Monday, November 06, 2006

Bonfire of the Vanities - for Ted Haggard

Sherman McCoy, the leading character in Tom Wolf’s bestselling novel The Bonfire of the Vanities, is a prisoner of the Wall Street world where he makes millions of dollars as a high profile bonds broker. His ‘lifestyle of the rich and famous’ collides with the life of the sleazy and desperate in the New York City justice system when he accidentally runs over a young, black youth while returning from the airport with his mistress. As the story unfolds, multiple characters find their lives dictated by the larger stories in which they live: journalists sell their souls for a headline, real estate brokers for a sale, attorneys for a fee or favor, and drug dealers for a reduced sentence. For nearly 700 pages we are exposed to the lives of people who are trying to navigate systems that appear out to destroy them, all the while seeking to stimulate (or medicate) their lives by having affairs, making obscene amounts of money, displaying their male machismo or female sensuality, climbing the power structures, or flaunting their fame. It doesn’t seem to matter whether one is at the top of the social circle or low-life street scum. Everyone is a prisoner of their environment. Everyone is hiding who they really are.

McCoy thinks he is losing control of his life as a local tabloid exploits his misery by publishing details of his affairs, his wealth, and his negligence at leaving the scene of an accident in an impoverished neighborhood of the Bronx. Local politicians seem less concerned with justice than they are with placating the racial tensions in order to protect their political ambitions. McCoy himself is desperate to keep his income, his image, and his family in tact. As everything around him collapses, he discovers that he had been a prisoner to all these forces. After a year of navigating the judicial system, reporters questioned McCoy about the contrast between his Park Avenue life and surviving the political and legal nightmare of the Bronx. McCoy responds, ‘I have nothing to do with Wall Street or Park Avenue.’ Ironically, as the world he knew collapsed around him, he found liberation and his true self. The old Sherman McCoy died, and a new one – not a nice, pretty McCoy, but a McCoy who could live with himself – was born. Though he is the one most likely going to jail, he also becomes the one most at peace with his life. At some level, McCoy rose above the controlling narratives of his social obligations, business demands, and the complex political and judicial systems of New York City. He was freed.

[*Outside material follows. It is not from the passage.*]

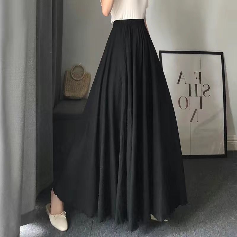 더블 레이어 스커트 야마모토 새로운 예술적 여름 면 린넨 높은 허리 레트로 긴 스커트 발목 요정 치마스토어 가기

In similar fashion, the evangelical church in America is facing a crisis of identity. As we seek to defend our way of life, our cultural values and our influence in society we are finding things fall apart around us. 500 billion dollars has been spent on domestic ministries over the past decade, yet less people are involved in the institutional church than before. Political and religious leaders attempt to rally the troops be scaring us with threats of moral decay, liberal legislation and dying churches. But Jesus said, ‘I will build my church and the gates of hell will not prevail against it.’ We are commanded to make disciples. He will build the church. I believe that crisis in the western church is that we have the roles reversed. We are trying to build big, strong, relevant churches and hoping that people will somehow get discipled in the process. I suggest that if we focused on planting churches by making disciples rather than planting churches in order to make disciples we might discover once again what it means to live with God and to be the people of God.